## [Prompt]
Work out how many lines in the data hold the string "blue". Reply with only that number.

Stored dataset items:
..............................

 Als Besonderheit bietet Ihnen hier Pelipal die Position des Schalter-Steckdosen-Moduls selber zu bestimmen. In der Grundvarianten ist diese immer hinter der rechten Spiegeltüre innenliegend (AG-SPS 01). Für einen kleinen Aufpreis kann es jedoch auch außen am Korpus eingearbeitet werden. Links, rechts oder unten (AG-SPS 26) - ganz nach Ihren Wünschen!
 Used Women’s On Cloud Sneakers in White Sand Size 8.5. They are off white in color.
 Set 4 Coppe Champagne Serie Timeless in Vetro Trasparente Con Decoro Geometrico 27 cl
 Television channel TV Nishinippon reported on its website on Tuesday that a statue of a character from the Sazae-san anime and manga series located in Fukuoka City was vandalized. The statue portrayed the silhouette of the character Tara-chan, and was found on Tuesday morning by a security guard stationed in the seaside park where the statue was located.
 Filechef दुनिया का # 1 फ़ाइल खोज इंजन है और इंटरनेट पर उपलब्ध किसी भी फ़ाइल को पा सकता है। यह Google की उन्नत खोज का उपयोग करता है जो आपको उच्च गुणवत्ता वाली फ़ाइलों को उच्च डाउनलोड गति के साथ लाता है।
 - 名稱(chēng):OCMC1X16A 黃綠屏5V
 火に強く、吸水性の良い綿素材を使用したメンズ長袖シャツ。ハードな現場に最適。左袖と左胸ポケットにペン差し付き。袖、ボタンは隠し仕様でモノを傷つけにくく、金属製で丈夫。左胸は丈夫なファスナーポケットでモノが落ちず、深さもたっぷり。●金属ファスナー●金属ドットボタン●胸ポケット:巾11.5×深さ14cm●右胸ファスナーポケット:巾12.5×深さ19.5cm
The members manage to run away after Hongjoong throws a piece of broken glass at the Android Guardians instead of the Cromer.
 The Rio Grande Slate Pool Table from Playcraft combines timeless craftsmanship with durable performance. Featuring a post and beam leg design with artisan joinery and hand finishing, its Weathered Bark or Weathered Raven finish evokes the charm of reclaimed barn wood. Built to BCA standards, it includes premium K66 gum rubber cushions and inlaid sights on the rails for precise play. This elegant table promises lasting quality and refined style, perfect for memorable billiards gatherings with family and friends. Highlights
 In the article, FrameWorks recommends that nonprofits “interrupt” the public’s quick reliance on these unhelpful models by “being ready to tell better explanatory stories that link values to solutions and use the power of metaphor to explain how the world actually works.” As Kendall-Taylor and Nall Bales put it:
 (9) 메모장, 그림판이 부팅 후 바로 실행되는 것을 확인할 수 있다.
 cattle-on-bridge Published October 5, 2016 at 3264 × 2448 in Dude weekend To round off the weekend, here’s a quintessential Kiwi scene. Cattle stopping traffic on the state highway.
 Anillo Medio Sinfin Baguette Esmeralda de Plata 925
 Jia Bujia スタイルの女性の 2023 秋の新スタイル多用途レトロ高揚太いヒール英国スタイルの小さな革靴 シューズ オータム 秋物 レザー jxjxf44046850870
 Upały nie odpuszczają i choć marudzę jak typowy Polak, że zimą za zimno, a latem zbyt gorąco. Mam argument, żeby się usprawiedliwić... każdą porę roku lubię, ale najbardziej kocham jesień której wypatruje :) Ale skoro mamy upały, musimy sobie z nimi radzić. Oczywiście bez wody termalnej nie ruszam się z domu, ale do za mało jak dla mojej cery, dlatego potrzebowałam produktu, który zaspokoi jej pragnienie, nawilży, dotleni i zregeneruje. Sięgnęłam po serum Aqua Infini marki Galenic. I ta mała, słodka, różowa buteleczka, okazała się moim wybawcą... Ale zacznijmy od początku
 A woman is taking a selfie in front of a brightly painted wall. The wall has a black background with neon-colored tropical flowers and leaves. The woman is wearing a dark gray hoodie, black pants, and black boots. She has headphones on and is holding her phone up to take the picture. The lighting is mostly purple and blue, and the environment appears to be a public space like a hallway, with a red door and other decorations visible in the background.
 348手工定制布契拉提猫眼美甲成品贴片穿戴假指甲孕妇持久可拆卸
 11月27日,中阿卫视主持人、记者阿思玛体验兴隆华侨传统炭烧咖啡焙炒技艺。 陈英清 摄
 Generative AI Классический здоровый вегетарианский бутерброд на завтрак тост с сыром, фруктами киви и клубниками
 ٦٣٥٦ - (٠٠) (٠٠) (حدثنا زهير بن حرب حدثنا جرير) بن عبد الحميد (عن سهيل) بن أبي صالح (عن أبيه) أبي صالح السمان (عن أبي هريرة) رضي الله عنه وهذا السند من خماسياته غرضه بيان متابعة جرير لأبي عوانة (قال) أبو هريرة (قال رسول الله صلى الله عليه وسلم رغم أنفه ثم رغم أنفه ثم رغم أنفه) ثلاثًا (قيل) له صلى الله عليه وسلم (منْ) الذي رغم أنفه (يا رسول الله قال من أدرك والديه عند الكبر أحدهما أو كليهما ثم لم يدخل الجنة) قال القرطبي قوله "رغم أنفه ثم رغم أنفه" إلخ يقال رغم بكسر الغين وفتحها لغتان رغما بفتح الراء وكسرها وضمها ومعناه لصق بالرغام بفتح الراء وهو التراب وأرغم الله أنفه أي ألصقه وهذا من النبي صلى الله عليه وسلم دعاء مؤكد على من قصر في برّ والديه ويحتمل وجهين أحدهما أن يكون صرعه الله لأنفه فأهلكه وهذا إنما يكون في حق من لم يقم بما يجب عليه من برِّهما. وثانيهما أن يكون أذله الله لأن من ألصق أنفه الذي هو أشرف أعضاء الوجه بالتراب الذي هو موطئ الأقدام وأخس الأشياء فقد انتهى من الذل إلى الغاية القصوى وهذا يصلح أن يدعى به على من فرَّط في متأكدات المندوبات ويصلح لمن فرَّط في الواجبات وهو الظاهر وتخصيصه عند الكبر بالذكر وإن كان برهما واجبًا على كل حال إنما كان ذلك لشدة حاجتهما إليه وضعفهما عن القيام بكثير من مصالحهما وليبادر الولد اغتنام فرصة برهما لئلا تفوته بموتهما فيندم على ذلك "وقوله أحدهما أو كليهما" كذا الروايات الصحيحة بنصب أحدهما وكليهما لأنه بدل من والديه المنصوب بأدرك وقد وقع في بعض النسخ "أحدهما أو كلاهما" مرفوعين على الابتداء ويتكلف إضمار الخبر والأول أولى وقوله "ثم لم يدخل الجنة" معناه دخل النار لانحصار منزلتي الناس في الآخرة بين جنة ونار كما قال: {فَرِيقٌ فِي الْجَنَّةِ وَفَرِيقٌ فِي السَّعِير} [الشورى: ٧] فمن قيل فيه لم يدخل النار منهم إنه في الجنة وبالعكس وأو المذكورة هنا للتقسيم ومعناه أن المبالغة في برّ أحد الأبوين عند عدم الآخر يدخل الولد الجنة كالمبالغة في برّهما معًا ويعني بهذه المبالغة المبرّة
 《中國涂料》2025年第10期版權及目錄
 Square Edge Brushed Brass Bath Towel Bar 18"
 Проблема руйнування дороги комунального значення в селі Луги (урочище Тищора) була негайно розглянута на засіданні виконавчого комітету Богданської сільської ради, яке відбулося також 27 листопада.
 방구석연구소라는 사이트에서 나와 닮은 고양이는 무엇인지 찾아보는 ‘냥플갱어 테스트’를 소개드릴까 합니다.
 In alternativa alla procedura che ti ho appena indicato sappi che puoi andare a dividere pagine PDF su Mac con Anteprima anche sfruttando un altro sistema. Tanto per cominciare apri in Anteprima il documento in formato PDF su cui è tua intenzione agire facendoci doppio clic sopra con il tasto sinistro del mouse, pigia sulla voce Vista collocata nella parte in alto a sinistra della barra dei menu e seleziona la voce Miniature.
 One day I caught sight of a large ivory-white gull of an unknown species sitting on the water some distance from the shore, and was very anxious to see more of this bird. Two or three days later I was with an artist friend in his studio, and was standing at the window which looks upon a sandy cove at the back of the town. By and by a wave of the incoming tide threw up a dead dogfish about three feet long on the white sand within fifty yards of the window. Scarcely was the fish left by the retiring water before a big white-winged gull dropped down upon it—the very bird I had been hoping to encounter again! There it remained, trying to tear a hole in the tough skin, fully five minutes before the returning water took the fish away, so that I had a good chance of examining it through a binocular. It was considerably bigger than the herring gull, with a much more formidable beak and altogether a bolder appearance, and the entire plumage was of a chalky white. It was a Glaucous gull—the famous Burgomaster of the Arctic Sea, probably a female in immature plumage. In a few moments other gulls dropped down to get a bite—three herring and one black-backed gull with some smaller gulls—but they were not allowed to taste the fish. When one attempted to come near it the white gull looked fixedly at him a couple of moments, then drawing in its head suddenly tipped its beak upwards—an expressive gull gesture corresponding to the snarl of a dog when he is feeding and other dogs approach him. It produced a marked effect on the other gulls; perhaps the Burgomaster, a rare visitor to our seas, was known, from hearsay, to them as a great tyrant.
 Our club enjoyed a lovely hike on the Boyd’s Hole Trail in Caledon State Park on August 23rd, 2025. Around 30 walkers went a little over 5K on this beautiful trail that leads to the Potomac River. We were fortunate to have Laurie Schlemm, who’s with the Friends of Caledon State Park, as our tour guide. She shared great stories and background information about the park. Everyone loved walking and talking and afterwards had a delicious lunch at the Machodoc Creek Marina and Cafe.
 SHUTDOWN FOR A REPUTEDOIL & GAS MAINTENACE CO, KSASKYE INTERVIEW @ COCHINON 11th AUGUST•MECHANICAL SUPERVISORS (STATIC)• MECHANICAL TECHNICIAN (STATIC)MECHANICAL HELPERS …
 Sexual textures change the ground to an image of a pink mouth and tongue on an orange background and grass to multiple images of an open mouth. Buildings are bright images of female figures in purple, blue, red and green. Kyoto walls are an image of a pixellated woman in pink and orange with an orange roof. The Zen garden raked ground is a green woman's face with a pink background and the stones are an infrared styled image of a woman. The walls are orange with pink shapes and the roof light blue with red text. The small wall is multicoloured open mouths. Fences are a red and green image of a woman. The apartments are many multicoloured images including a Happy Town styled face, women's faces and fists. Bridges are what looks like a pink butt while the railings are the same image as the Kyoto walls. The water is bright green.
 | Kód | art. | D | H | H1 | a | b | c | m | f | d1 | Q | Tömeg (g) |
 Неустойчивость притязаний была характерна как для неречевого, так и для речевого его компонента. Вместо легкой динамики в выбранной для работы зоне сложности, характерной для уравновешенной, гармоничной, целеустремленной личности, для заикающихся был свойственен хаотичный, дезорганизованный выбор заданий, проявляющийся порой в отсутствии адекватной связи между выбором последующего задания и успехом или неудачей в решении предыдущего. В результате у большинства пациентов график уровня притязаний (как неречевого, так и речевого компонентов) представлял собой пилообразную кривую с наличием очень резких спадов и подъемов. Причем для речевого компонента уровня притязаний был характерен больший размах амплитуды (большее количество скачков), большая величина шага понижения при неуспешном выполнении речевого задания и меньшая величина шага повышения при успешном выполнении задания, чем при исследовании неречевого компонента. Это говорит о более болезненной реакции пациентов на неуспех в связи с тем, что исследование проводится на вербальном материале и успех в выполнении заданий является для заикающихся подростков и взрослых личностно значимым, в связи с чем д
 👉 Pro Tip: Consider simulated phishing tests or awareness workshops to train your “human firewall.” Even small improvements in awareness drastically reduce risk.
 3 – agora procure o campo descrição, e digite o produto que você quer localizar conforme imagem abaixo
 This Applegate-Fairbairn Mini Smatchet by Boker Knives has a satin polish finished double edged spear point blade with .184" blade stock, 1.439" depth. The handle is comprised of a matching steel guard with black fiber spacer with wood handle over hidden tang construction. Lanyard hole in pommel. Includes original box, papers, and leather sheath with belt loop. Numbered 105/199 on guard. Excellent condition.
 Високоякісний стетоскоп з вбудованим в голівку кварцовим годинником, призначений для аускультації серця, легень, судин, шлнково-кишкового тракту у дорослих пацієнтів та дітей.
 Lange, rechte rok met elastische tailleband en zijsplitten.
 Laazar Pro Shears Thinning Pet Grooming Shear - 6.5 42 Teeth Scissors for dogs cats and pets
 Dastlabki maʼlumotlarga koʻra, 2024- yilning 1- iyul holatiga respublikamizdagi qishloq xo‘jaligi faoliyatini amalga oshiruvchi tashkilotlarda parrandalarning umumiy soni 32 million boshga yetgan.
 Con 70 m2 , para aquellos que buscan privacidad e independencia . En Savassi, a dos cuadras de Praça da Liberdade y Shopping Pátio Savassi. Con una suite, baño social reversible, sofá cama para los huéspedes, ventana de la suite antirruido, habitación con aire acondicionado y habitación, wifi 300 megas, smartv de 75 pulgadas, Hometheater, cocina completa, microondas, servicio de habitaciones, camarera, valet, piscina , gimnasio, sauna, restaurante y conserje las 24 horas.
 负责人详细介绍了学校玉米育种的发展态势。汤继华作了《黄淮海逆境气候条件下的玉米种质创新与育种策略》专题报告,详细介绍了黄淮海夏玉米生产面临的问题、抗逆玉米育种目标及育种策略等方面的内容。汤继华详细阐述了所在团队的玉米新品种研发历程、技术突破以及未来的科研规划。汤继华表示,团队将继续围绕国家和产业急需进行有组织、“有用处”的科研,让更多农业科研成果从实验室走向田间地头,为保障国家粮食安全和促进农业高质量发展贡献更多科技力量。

..............................

## [Task result]
2